2.2. Message Transport

Sending (and receiving) a message takes place in 3 steps, although only the first two steps are part of the dm3 Message Transfer Protocol.

1. The sender app prepares and sends the message to the receiver’s delivery service. If the primary delivery service (first on the list) is not available, the next one from the list is contacted (and so on).

2. The delivery service buffers and processes the message (checks envelope, creates postmark to protocol time of delivery, optionally sends a notification to the receiver, …).

3. The message is picked up by the recipient. As soon as the recipient reports the successful processing of the message to the delivery service, the latter deletes the buffered message. !!! This is not part of the “Message Transfer Protocol”, as this depends on the implementation and objective of the delivery service. If the delivery service is following the dm3 Access Specification to serve dm3 compatible clients, it offers a REST API to retrieve the messages, but a delivery service may also act as an interface/gateway to another protocol or application ecosystem, handling incoming messages according to its rules. !!!

2.2.1. Workflow

2.2.1.1. Step 1: Preparation of the Message and Envelope

Get dm3 profile

1. Read the network.dm3.profile text record of the receiver’s ENS name. If the profile record is not set, the message cannot be delivered. It has to stay with the sender until the potential receiver publishes his/her profile.

2. The content is specified as URI (Uniform Resource Identifier). The following types must be supported:

   1. DATA: The content is delivered as JSON. The data scheme MUST be application/json. Optionally, the JSON content is base64 encoded. This must be specified as scheme extension application/json;base64. If not base64 encoded, the content might be URL-encoded.

   Example: data:application/json,%7B%22profileRegistryEntry%22%3A... data:application/json;base64,eyJwdWJsaWNFbmNyeX...

   2. HTTPS: The content is retrieved as a JSON object from a server and the dm3Hash URL parameter is used to check the integrity of the profile string.

   Example: https://exampleserver/example?dm3Hash=0x12ab4...

   3. IPFS: The content is retrieved as a JSON object using IPFS network.

   Example: ipfs://QmU6n6n1Q...

3. Interprete JSON object as dm3 profile.

4. Select the receiver’s delivery service ENS name by reading the deliveryServices user profile entry at index 0.

   1. Get the network.dm3.deliveryService text record of the delivery service’s ENS name. The content is delivered as URI (data, HTTPS, or IPFS), as described above in point 2.

   2. Interprete JSON object as dm3 delivery service profile.

5. If the selected delivery service is unavailable, the sender MUST use the delivery service with the next higher index in the deliveryServices list as a fallback.

Create a Message and Envelope

1. Get ProfileExtension from delivery service

   • Read optional encryption parameters (like preferred encryption algorithm deviating from standard)

   • Read supported message types. Only supported messages must be sent.

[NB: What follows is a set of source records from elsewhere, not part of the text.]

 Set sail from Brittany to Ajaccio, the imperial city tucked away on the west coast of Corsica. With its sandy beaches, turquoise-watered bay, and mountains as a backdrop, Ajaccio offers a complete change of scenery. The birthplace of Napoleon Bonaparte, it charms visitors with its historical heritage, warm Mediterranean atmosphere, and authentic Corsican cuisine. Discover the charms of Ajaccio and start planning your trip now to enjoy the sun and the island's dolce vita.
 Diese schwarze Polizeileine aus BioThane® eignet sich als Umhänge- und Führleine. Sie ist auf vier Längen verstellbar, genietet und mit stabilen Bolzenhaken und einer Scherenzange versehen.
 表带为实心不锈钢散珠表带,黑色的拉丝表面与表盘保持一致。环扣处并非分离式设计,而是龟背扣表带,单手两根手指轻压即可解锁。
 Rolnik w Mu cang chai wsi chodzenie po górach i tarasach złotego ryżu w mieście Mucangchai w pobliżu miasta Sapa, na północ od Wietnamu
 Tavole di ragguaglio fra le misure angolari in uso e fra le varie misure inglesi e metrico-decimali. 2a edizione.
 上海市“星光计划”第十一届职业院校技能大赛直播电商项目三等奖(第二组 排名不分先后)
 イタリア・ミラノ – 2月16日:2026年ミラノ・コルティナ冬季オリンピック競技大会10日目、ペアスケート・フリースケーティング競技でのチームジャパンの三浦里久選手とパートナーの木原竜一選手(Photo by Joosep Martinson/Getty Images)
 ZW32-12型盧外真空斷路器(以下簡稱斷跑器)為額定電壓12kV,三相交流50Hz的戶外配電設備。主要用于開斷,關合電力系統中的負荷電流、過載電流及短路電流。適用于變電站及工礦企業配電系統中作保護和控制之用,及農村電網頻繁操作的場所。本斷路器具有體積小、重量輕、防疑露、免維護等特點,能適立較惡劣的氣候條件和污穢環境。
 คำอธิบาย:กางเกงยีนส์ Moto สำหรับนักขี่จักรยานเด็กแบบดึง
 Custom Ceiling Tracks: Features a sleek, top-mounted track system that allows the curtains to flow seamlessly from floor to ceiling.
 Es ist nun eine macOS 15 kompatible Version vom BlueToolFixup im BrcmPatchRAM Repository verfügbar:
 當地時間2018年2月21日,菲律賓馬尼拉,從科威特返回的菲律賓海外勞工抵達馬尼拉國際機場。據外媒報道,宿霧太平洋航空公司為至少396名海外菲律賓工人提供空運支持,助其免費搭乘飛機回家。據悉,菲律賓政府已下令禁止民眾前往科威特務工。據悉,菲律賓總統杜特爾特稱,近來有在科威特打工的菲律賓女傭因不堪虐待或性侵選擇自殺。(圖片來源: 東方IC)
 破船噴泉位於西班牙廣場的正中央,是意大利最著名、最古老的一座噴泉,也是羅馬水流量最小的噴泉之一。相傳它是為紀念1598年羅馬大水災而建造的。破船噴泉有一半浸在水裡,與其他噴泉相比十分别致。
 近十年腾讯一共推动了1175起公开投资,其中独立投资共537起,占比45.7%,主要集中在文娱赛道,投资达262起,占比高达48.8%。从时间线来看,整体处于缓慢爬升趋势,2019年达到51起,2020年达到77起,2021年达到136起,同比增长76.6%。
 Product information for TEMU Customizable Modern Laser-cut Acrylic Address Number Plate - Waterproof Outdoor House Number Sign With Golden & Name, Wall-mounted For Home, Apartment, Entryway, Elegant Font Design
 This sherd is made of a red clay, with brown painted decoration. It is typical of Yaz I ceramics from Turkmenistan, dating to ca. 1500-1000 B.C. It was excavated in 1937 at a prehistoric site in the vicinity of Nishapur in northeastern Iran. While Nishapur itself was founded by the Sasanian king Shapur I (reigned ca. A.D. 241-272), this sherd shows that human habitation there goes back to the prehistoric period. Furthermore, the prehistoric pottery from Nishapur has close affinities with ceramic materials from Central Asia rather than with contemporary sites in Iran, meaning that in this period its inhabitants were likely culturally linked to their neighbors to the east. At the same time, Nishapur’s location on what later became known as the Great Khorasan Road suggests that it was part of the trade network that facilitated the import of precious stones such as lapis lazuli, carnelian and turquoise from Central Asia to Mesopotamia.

2. Sign the message using the private sender signing key, using ECDSA.

3. Encrypt the message using the public encryption key of the receiver (part of the user profile). The default encryption algorithm is x25519-chacha20-poly1305. If a different algorithm is required (defined in the ProfileExtension), this should be used for encryption. If it is not supported by the sender, the default encryption is used.

4. Encrypt the delivery information using the public encryption key of the delivery service (part of the delivery service profile). The mandatory encryption algorithm is x25519-chacha20-poly1305.

  sequenceDiagram
    participant AA as Alice' Client
    participant E as Registry (ENS)
    participant P as Profile Storage (e.g. IPFS)
    AA->>E: get network.dm3.profile for Bob's ENS name
    E-->>AA: network.dm3.profile text record
    opt network.dm3.profile text record is an URL
      AA->>P: query Bob's profile
      P-->>AA: profileRegistryEntry
      AA->>AA: check profileRegistryEntry integrity
    end
    AA->>AA: sign message
    AA->>AA: encrypt message

    AA->>E: get network.dm3.deliveryService of Bob's delivery service
    E-->>AA: network.dm3.deliveryService text record
    opt network.dm3.deliveryService text record is an URL
      AA->>P: query delivery service profile 
      P-->>AA: deliveryServiceRegistryEntry
      AA->>AA: check deliveryServiceRegistryEntry integrity
    end
   
    AA->>AA: sign envelope
    AA->>AA: encrypt deliveryInformation

Submit Message

1. Get ProfileExtension from delivery service

   • Read spam protection settings (see Profile Extension).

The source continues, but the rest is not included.